Four months ago, in the fall of 2003, doctors discovered a large, cancerous tumor, "advanced stages," in Kitty's pancreas. The tumor was too big, and it was too late. That's where hospice starts - with a decision to stop fighting for a cure.

"My doctor, David Goldstein, when he was talking to me and my daughters, suggested that I go to hospice because it was nothing that could be done," Kitty explains. "And I am so glad he did. Because I have seen where chemo has made people sicker than the ailment that they had, and they died anyway. My mother had radiation and it really burned her up. So I have had a productive life rather than be sick with my hair coming out and everything."

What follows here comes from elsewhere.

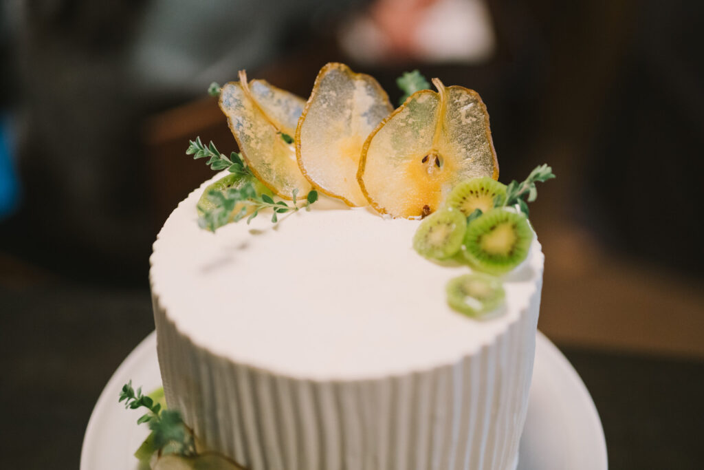 そしてゲストの皆様が一番驚かれていた、お二人が一からデザインをされてオーダーした洋梨を使ったウェディングケーキ。

In other words, that even though cancer is killing Kitty, she's not dying today, or spending her energy fighting for life. She's living. And, little by little, letting go.

"That's the hardest thing," Kitty says, sitting at a small table in her granddaughter's kitchen while the meal preparation happens around her. "When my kids were coming home, I'd always have the meals planned. So at Christmas time I had to turn everything over to them. Only two things, I made the dressing and the coleslaw. And I thought, 'Oh my God, it's going to be so hard on them, they won't be able to....' But they did the greatest job. You would not have believed that table. So I knew right then I didn't need to be in the kitchen anymore."

"Nobody can make your coleslaw, Mom," says Kitty's daughter, Teresa Harrison, from her spot near the stove.

"Or pound cake," adds granddaughter Sita. "Or stuffing."